## Exercise goal
Copy each line of the data below exactly, leaving out pictures.

Records from a collection
------------------------------

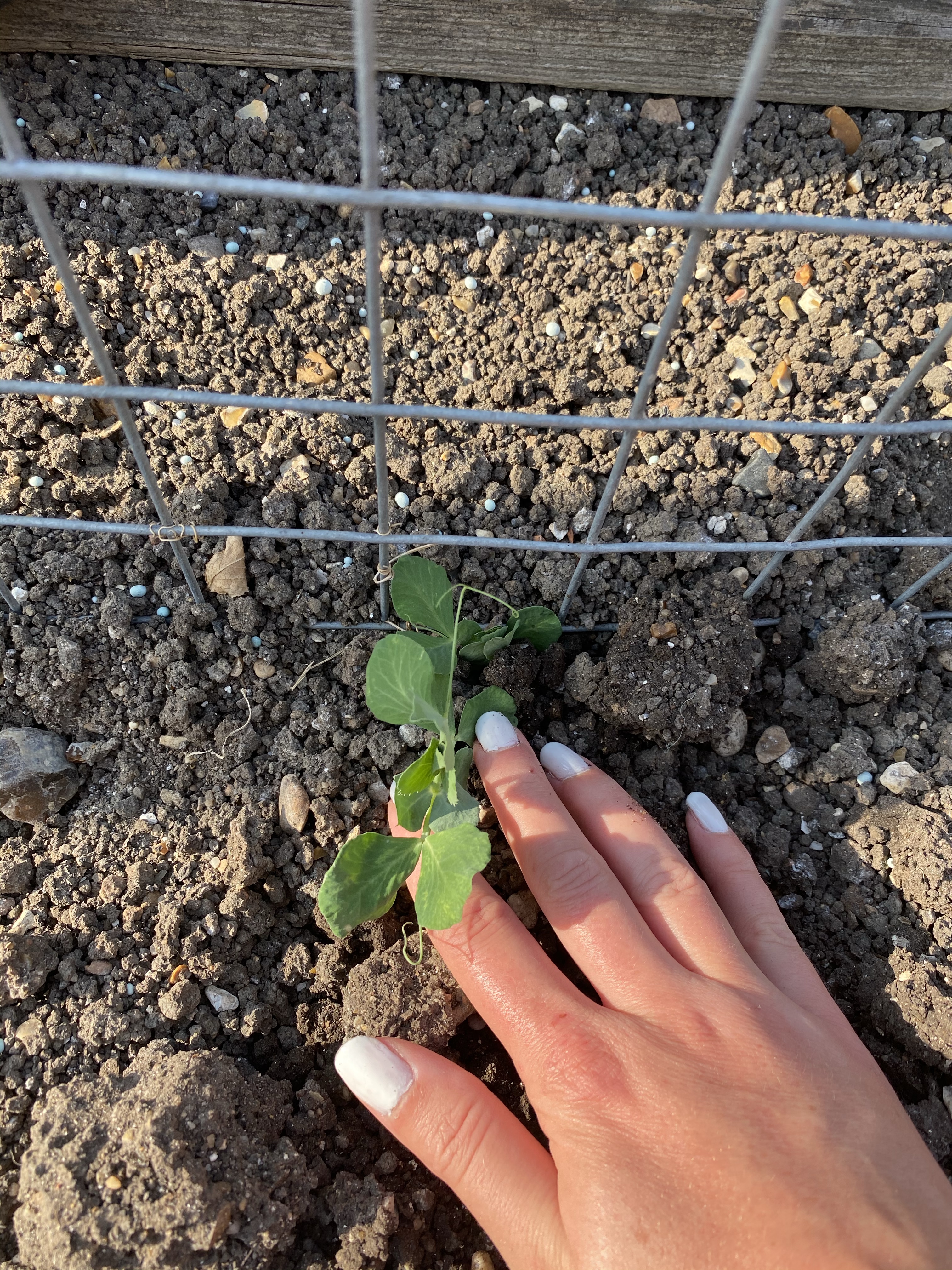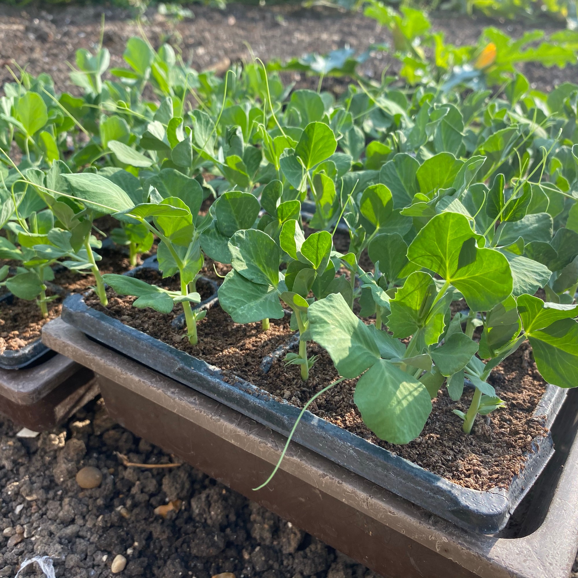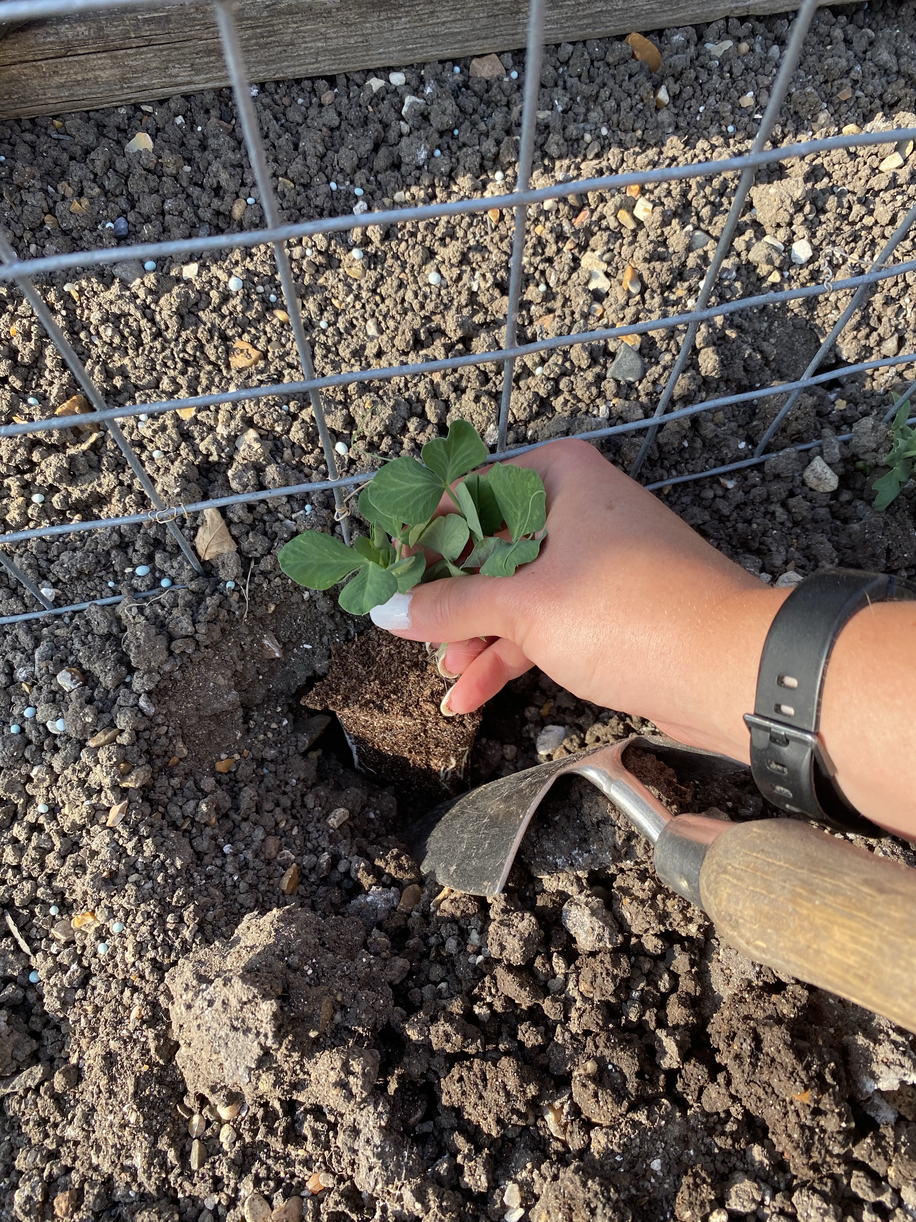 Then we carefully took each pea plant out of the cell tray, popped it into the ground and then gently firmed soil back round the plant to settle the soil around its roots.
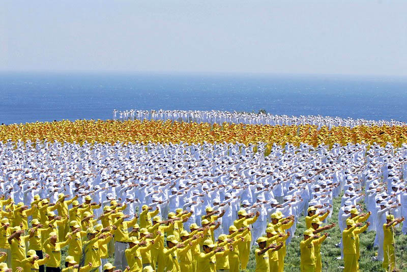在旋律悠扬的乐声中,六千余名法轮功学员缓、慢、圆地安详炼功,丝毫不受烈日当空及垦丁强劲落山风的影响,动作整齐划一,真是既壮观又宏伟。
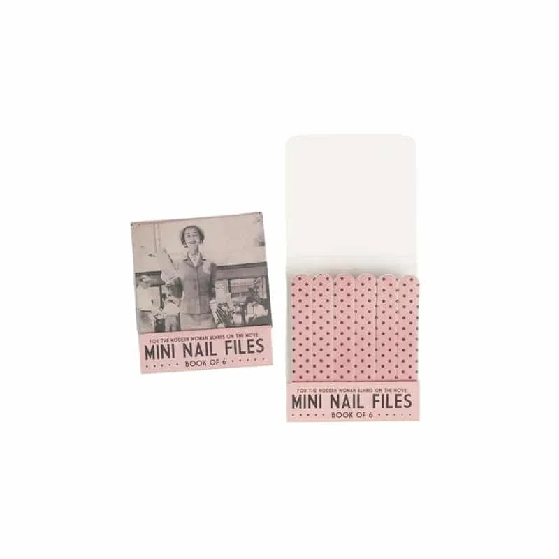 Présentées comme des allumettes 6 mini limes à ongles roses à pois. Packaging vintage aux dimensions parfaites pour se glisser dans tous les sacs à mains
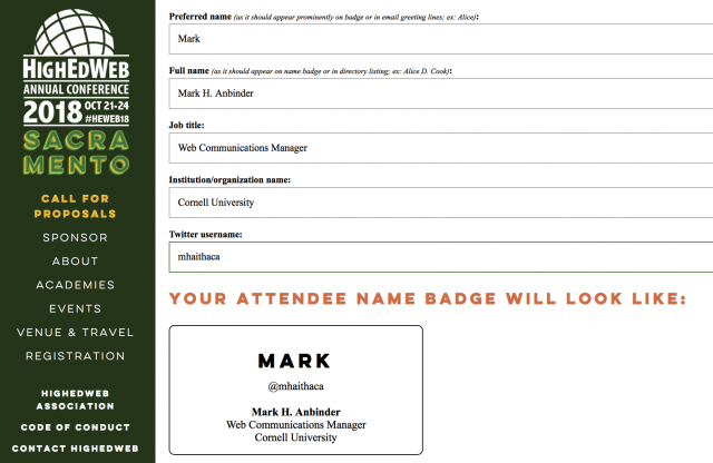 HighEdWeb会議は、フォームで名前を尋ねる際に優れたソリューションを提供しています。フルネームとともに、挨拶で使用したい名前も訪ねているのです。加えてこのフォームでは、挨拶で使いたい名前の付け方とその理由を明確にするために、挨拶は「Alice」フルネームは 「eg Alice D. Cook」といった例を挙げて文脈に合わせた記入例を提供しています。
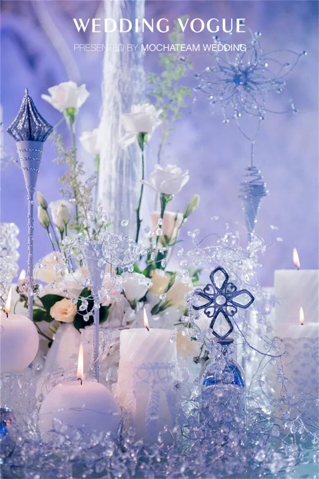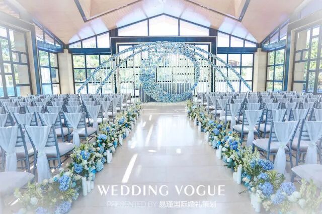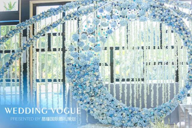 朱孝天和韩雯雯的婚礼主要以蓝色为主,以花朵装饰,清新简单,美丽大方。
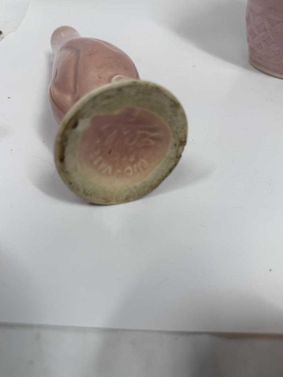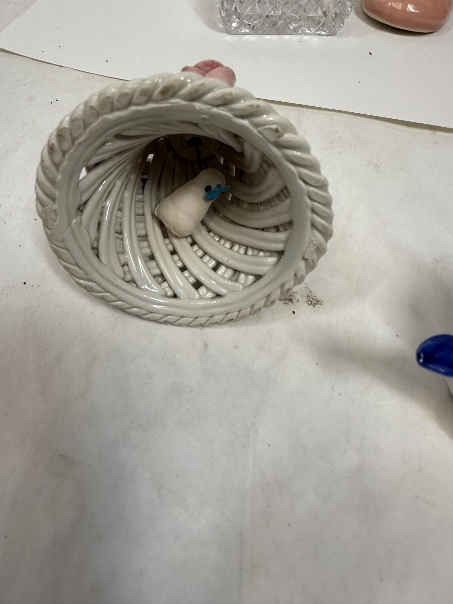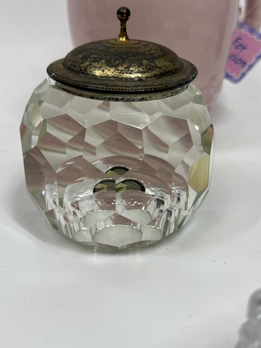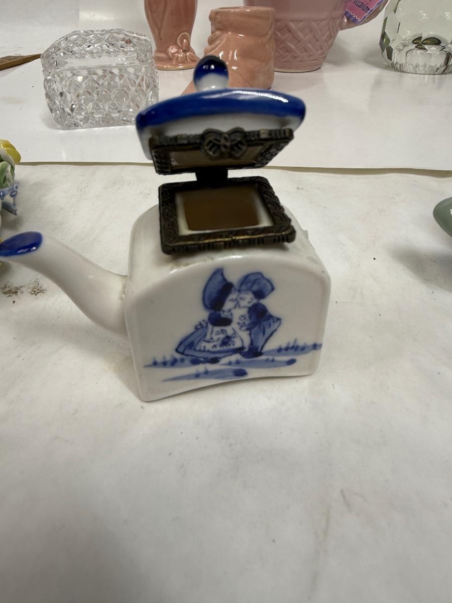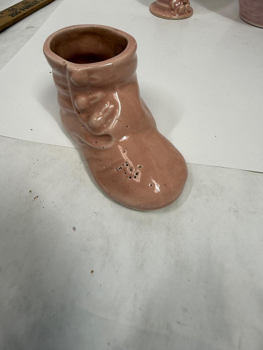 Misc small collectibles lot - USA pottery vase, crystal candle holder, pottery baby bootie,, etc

------------------------------

## Solution to this exercise
 Then we carefully took each pea plant out of the cell tray, popped it into the ground and then gently firmed soil back round the plant to settle the soil around its roots.
在旋律悠扬的乐声中,六千余名法轮功学员缓、慢、圆地安详炼功,丝毫不受烈日当空及垦丁强劲落山风的影响,动作整齐划一,真是既壮观又宏伟。
 Présentées comme des allumettes 6 mini limes à ongles roses à pois. Packaging vintage aux dimensions parfaites pour se glisser dans tous les sacs à mains
 HighEdWeb会議は、フォームで名前を尋ねる際に優れたソリューションを提供しています。フルネームとともに、挨拶で使用したい名前も訪ねているのです。加えてこのフォームでは、挨拶で使いたい名前の付け方とその理由を明確にするために、挨拶は「Alice」フルネームは 「eg Alice D. Cook」といった例を挙げて文脈に合わせた記入例を提供しています。
 朱孝天和韩雯雯的婚礼主要以蓝色为主,以花朵装饰,清新简单,美丽大方。
 Misc small collectibles lot - USA pottery vase, crystal candle holder, pottery baby bootie,, etc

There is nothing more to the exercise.